SOLOMON: Franklin says homelessness is one of the effects of relocation her tribe still lives with today. Now she wants to bring them home.
FRANKLIN: It's a tough thing when you don't have a place to call home and lay your head. It's like I want my tribe to have a home.
SOLOMON: The government paying for homeless housing for Native people is long overdue, says Colleen Echohawk. She's the founder of the National Coalition to End Urban Indigenous Homelessness. Nationally, Native Americans have the second-highest rate of homelessness among all racial groups, behind Pacific Islanders. That often translates into overcrowding, where two or three families live under one roof like Cheyanne Wright was doing back in Stockton. Echohawk says Native-led shelters or housing projects like this one in Lake County are critical to building trust and community.
COLLEEN ECHOHAWK: When we build our own housing, when we own our own housing, when we run our own housing, we're continuing to message that we are healing, that we are resilient.
SOLOMON: Members of the Scotts Valley tribe hope the apartment building in Lakeport can be a start.
RAY: Everything had to get remodeled, so...
WRIGHT: Wow.
RAY: ...This obviously was a door before.
SOLOMON: Some of the apartments are still being renovated. But every month, more tribal members are moving in, including Cheyanne Wright and her family.
WRIGHT: And when I seen the apartments here, I was like, oh, it's actually really big. You have a big living room, two big bedrooms, a tub. Usually, you don't get to tubs (laughter).
SOLOMON: Her 4-year-old likes it a lot, too. He has his own room now. And at $450 a month, the rent is something Wright and her boyfriend can afford.
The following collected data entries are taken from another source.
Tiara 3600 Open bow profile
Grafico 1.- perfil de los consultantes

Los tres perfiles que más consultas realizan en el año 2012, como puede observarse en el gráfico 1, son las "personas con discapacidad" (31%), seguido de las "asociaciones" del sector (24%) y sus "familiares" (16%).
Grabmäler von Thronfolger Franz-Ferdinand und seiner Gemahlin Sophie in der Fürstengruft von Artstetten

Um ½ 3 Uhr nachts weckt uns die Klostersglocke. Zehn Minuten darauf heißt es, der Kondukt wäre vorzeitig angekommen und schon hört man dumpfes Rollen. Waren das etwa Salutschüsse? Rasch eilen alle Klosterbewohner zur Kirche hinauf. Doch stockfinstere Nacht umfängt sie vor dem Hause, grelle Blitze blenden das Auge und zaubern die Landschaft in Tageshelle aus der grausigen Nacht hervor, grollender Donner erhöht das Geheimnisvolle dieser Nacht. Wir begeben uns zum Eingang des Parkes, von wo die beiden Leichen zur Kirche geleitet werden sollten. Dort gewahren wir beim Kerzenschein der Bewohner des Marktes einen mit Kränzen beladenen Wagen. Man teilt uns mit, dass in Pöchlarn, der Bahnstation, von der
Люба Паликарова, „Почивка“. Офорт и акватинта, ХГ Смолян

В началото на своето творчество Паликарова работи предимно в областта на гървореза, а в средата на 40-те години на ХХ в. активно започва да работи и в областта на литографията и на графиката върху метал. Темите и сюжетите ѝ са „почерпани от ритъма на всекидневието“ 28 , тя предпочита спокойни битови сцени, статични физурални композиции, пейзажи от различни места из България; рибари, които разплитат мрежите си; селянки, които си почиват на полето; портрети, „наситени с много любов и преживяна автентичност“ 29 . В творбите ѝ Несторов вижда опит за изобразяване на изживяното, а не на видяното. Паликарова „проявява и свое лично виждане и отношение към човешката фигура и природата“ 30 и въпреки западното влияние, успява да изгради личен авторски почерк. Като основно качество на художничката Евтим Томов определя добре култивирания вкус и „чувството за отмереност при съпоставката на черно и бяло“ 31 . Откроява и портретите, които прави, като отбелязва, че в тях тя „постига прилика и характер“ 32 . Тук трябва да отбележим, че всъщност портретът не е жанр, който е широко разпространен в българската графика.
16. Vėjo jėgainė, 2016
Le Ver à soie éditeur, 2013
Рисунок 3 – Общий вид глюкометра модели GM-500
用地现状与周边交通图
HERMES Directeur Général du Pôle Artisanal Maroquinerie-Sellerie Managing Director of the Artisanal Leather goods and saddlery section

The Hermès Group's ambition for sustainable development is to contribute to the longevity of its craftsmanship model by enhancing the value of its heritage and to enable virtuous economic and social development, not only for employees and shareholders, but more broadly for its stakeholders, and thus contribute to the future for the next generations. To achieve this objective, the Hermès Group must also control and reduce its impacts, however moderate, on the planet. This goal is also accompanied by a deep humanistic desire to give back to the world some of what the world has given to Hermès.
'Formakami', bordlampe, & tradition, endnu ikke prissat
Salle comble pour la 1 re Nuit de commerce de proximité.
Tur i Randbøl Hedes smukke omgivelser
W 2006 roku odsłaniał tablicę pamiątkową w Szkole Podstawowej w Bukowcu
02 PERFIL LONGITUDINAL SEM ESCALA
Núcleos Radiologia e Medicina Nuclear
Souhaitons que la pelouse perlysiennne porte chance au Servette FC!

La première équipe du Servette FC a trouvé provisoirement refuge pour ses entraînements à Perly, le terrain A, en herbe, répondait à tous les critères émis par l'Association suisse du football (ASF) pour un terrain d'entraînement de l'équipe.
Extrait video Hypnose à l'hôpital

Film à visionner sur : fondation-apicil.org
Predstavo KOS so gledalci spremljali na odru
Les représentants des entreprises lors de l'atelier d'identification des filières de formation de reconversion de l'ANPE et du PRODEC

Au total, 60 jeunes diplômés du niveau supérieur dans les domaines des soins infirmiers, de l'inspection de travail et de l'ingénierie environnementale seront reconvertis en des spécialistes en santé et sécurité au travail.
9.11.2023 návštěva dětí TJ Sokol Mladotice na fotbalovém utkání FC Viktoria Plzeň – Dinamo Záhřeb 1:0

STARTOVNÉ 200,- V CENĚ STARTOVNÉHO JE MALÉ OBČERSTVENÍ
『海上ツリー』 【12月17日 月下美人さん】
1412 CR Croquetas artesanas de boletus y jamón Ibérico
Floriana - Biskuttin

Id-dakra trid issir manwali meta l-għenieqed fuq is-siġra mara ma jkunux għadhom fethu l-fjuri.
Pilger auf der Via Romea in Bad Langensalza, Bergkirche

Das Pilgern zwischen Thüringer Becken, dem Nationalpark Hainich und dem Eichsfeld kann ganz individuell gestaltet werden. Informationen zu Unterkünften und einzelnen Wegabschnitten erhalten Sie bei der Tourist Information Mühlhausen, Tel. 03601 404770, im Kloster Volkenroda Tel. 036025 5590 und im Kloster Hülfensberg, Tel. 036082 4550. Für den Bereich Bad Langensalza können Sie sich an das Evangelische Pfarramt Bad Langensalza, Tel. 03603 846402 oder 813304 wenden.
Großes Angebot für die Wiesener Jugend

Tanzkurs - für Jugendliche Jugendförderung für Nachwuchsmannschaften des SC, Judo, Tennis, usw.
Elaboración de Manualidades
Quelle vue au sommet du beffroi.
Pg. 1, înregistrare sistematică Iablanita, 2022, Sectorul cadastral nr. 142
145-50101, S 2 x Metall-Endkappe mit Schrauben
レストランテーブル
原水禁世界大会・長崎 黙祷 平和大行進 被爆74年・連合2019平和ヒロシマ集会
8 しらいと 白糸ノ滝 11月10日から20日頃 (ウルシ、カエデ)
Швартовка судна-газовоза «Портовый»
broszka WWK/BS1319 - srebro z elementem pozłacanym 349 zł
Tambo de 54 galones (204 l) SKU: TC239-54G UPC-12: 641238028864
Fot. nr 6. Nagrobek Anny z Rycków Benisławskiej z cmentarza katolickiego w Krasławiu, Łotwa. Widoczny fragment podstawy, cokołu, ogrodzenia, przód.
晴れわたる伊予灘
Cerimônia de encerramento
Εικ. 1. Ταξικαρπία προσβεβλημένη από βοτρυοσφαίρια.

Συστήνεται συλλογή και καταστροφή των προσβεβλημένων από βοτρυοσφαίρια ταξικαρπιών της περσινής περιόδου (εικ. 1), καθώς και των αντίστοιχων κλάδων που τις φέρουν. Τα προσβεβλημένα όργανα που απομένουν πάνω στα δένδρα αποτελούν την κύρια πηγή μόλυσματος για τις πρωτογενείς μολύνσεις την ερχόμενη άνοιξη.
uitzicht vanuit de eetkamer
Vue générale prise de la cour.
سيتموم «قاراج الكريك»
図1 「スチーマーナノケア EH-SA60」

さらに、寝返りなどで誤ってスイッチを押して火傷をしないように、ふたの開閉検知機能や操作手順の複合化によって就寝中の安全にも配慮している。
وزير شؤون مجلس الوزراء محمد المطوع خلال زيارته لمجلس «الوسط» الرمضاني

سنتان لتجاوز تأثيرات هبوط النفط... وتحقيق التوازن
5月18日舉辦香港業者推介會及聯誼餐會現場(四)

She looks out from the second-floor deck and takes in the view of Clear Lake. It was once a rich resource for her tribe where they would fish and harvest tule reeds to make boats and even entire homes.
WRIGHT: I can figure out what I want to do for my future and my kids' future, feels very rewarding because my kids get to grow up in a happy, healthy situation in a home.